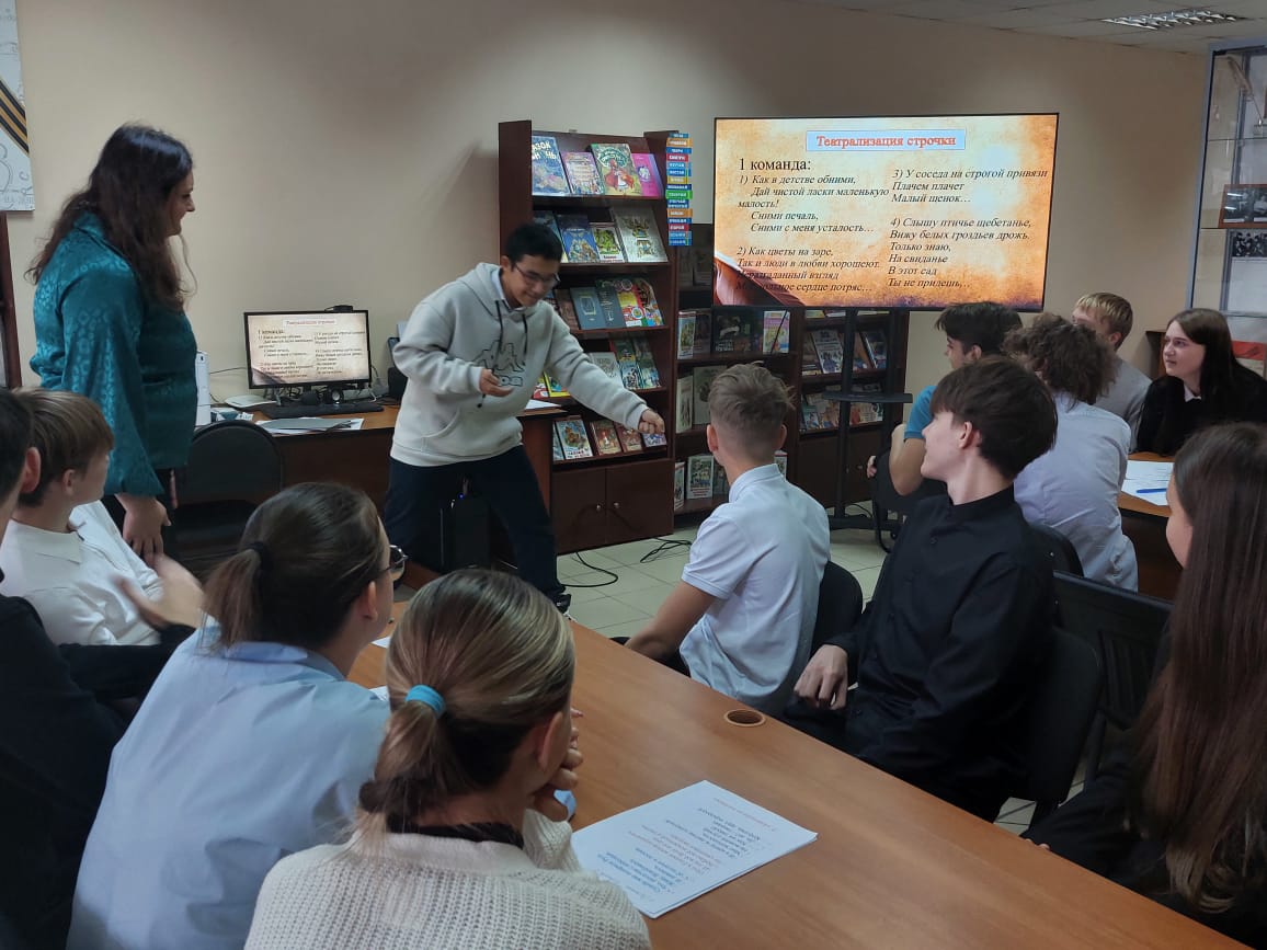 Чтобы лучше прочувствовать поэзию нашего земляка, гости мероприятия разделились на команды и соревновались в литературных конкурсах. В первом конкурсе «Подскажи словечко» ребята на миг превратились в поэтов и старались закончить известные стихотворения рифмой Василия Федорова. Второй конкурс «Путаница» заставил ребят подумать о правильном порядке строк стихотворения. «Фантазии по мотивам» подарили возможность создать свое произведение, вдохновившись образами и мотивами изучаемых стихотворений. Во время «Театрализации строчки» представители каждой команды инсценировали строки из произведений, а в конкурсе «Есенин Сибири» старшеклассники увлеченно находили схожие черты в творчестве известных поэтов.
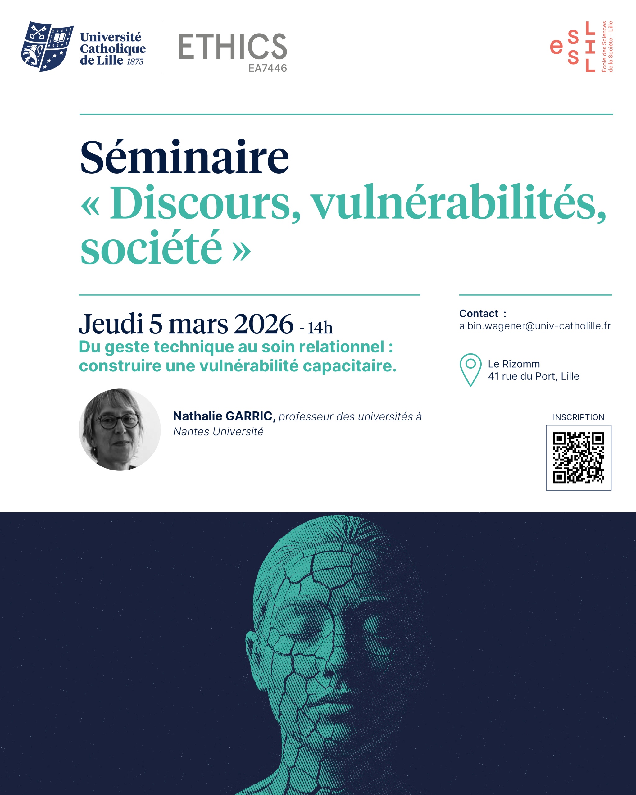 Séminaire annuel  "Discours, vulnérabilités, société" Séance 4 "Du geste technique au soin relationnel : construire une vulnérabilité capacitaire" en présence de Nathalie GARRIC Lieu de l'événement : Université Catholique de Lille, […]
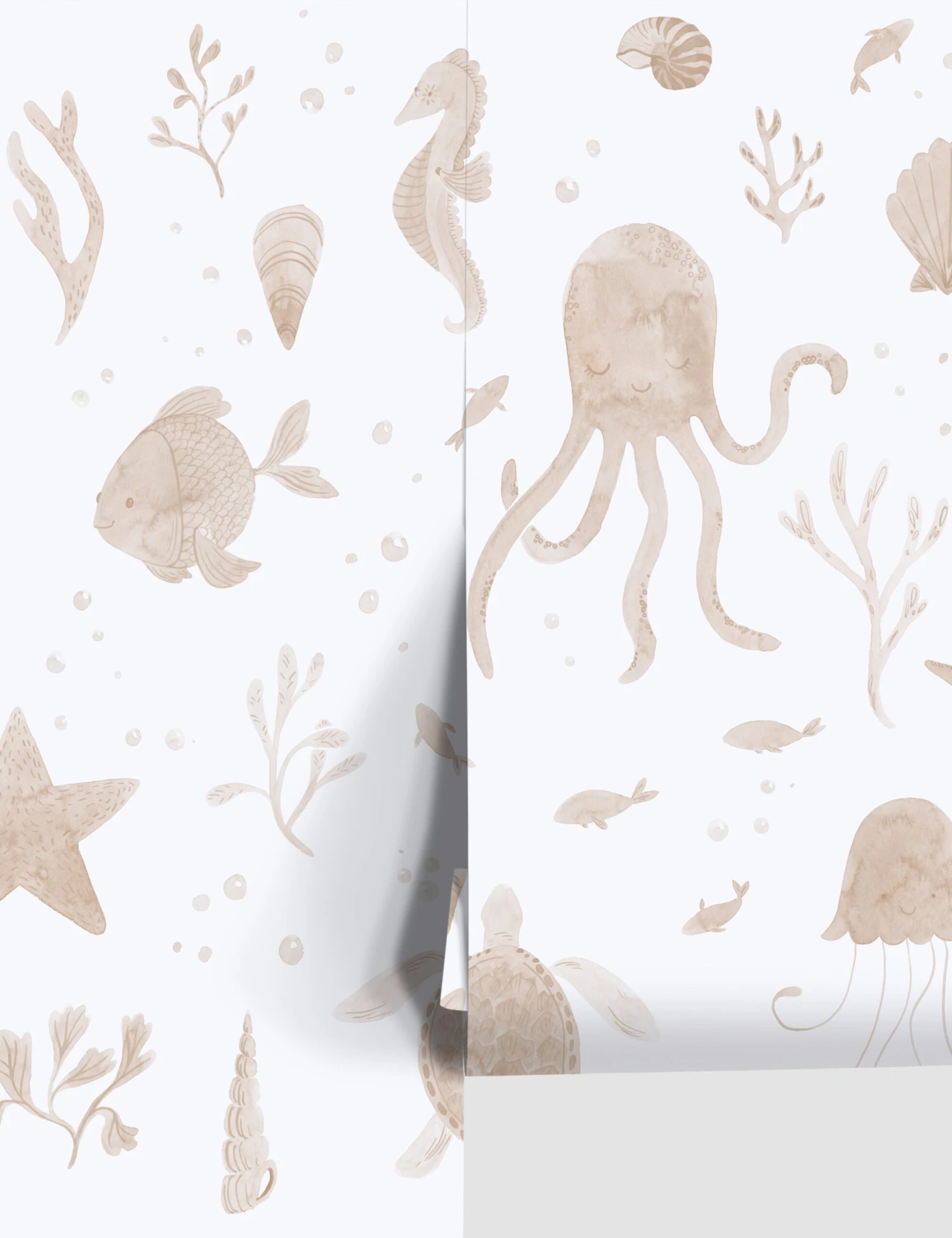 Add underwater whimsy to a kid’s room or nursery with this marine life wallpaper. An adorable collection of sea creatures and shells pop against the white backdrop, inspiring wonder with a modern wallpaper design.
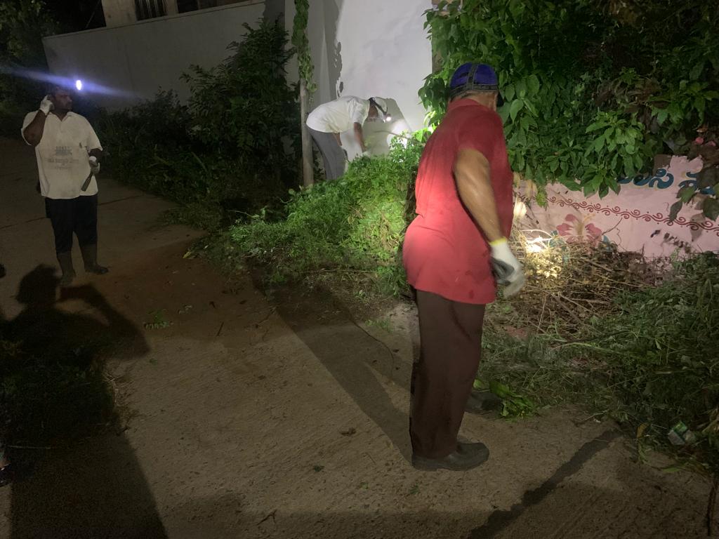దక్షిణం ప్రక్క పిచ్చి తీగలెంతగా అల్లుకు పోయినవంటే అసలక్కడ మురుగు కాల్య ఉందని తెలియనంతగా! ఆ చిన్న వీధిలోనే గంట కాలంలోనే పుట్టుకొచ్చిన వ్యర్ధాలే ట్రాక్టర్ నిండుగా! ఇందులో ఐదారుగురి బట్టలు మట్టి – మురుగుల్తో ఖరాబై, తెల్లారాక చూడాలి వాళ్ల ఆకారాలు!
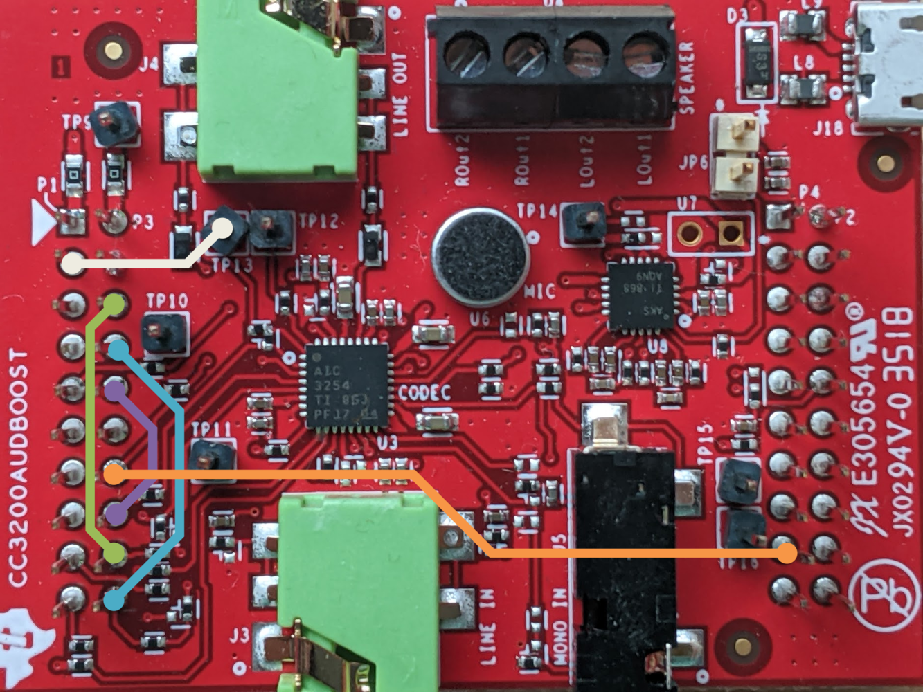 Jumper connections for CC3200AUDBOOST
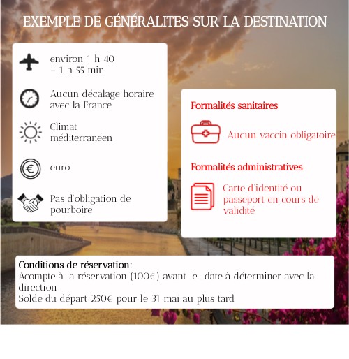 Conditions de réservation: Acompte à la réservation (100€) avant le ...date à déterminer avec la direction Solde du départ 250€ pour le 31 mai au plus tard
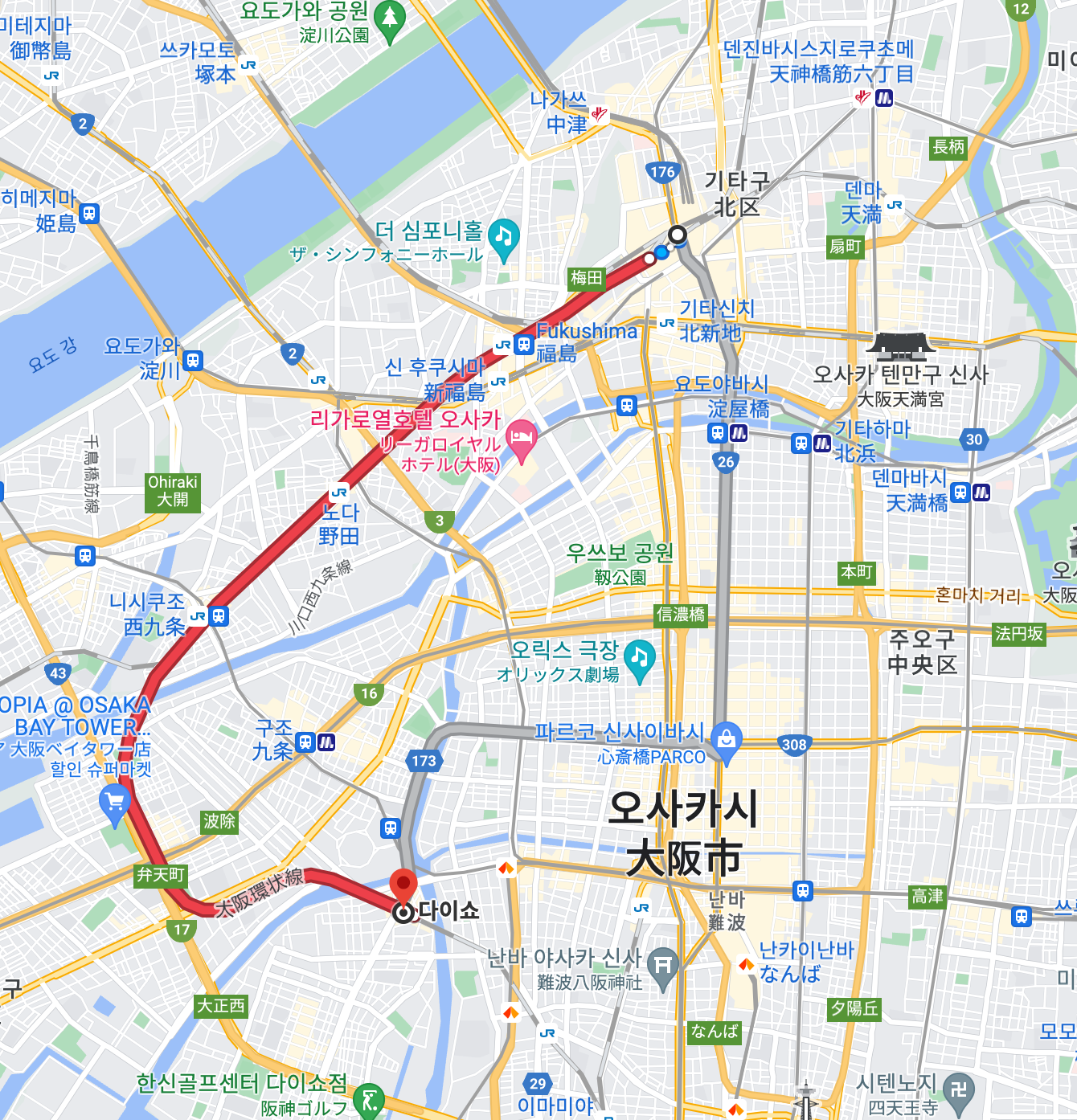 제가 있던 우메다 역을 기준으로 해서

------------------------------------------------------------------------

● WORK ORDER
Omitting the images, copy the listing exactly.

● RESULT FOR THIS EXERCISE
 Чтобы лучше прочувствовать поэзию нашего земляка, гости мероприятия разделились на команды и соревновались в литературных конкурсах. В первом конкурсе «Подскажи словечко» ребята на миг превратились в поэтов и старались закончить известные стихотворения рифмой Василия Федорова. Второй конкурс «Путаница» заставил ребят подумать о правильном порядке строк стихотворения. «Фантазии по мотивам» подарили возможность создать свое произведение, вдохновившись образами и мотивами изучаемых стихотворений. Во время «Театрализации строчки» представители каждой команды инсценировали строки из произведений, а в конкурсе «Есенин Сибири» старшеклассники увлеченно находили схожие черты в творчестве известных поэтов.
 Séminaire annuel  "Discours, vulnérabilités, société" Séance 4 "Du geste technique au soin relationnel : construire une vulnérabilité capacitaire" en présence de Nathalie GARRIC Lieu de l'événement : Université Catholique de Lille, […]
 Add underwater whimsy to a kid’s room or nursery with this marine life wallpaper. An adorable collection of sea creatures and shells pop against the white backdrop, inspiring wonder with a modern wallpaper design.
దక్షిణం ప్రక్క పిచ్చి తీగలెంతగా అల్లుకు పోయినవంటే అసలక్కడ మురుగు కాల్య ఉందని తెలియనంతగా! ఆ చిన్న వీధిలోనే గంట కాలంలోనే పుట్టుకొచ్చిన వ్యర్ధాలే ట్రాక్టర్ నిండుగా! ఇందులో ఐదారుగురి బట్టలు మట్టి – మురుగుల్తో ఖరాబై, తెల్లారాక చూడాలి వాళ్ల ఆకారాలు!
 Jumper connections for CC3200AUDBOOST
 Conditions de réservation: Acompte à la réservation (100€) avant le ...date à déterminer avec la direction Solde du départ 250€ pour le 31 mai au plus tard
 제가 있던 우메다 역을 기준으로 해서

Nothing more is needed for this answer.